Biophysics Textbook Questions - Chapter 13
\(C_1 = 0.50 \frac{\text{mol}}{\text{dm}^3}\)
\(C_2 = 0.05 \frac{\text{mol}}{\text{dm}^3}\)
\(\begin {align} \Delta x & = 10 \text{nm}\\ & = 10 \times 10^{-9}\text m \end{align}\)
\(\begin {align} J &= \frac{1}{A} \frac{dn}{dt}\\ \text{and}\; \frac{dn}{dt} & = -DA \frac{C_2-C_1}{\Delta x} \\ \therefore \underbrace{\frac{1}{A} \frac{dn}{dt}} & = -D \frac{C_2 - C_1}{\Delta x} \\ \therefore J & = -D \frac{C_2 - C_1}{\Delta x} \\ \therefore D & = \frac{J\Delta x}{-(C_2 - C_1)} \quad [1] \end {align}\)
Convert \(C_2-C_1\) to \(\frac{\text{mol}}{\text m^3}\) :
\(\begin {align} C_2-C_1 & = (0.05-0.50) \frac{\text {mol}}{\text{dm}^3} \\ & = - 0.45 \frac{\text{mol}}{\text{dm}^3} \times \bigg( \frac{10\; \text{dm}}{1\; \text m} \bigg)^3 \\ & = -4.5 \times 10^2 \frac{\text{mol}}{\text m}^3 \\ \therefore [1] \Rightarrow D & = \frac{(1.20\; \text{mol} \cdot \text m^{-2}\cdot \text s ^{-1})(10 \times 10^{-9}\; \text m)}{-(-4.5 \times 10^2 \text{mol/m}^3)} \\ & = 2.67 \times 10^{-11}\; \text{m}^2/\text s \end {align}\)
But the membrane is only \(5.0\; \%\) pores.
\(\begin {align} \therefore \text {true} \; D & = \frac{100}{5.0} \times 2.67 \times 10^{-11} \text{m}^2/\text s \\ & = 5.3 \times 10^{-10} \text m^2/\text s \end {align}\)
Osmotic pressure \(\Pi = RTC \quad [\text{text equation 13-55}]\) where \(C\) is the concentration in moles per cubic metre.
(OR: Start with equation 13-56, which is onthe formula sheet:\(\Pi = RTC/M\) where \(C\) is the concentration in kilograms per cubic metre and \(M\) is the molar mass.
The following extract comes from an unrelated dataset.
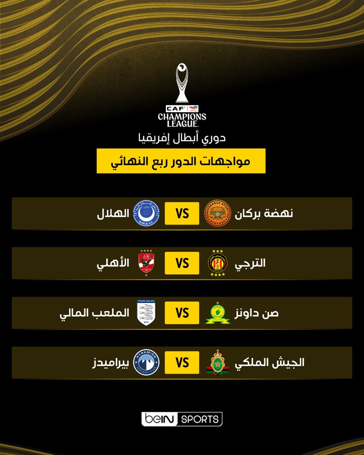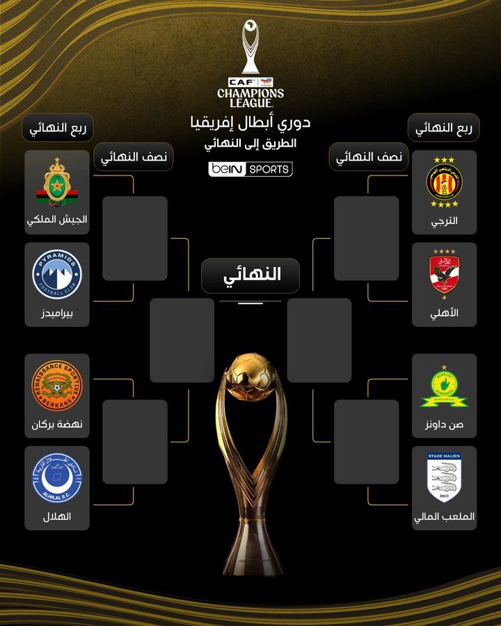 الفائز من مواجهة الترجي الرياضي (تونس) والأهلي (مصر) - المتأهل من مواجهة ماميلودي صنداونز (جنوب إفريقيا) والملعب المالي (مالي)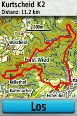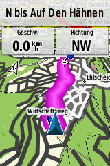 Die Tracknavigation erfolgt bei allen Geräten, wie üblich, als Luftline von Trackpunkt zu Trackpunkt. Hat ein Track jedoch sehr wenig Trackpunkte oder wurde unsauber mit schlechter Kartengrundlage geplant bzw. mit unbekannter Qualität aus dem Internet heruntergeladen, kann es sinnvoll sein, den Track in eine Route umzuwandeln. Die Route versucht, den Track bestmöglich auf das Wegenetz der installierten Karte abzubilden und ermöglicht so eine Routenführung auf dem Wege- und Straßennetz. Vor allem Radfahrer wissen eine solche Funktion zu schätzen. Leider beherrschen nur das Falk Tiger Blu sowie das Anima+ die Umwandlung von Tracks zu Routen. Für die anderen Geräte muss eine solche Umwandlung in der PC-Software vorgenommen werden.

Then write \(C=m/V\), where \(m\) is the mass of solute and \(V\) is the volume of solution. Hence, \(\Pi - RTm/MV= RTn/V = RTC\), where \(n(= m/M)\) is the number of moles of solute, and \(C(= n/V)\) is again the concentration in moles per cubic metre.)
For two types of solute, A and B, add the two osmotic pressures:
\(\Pi = RT(C_A+C_B)\)
When the two solutions are mixed, the total volume doubles and hence each concentration is halved.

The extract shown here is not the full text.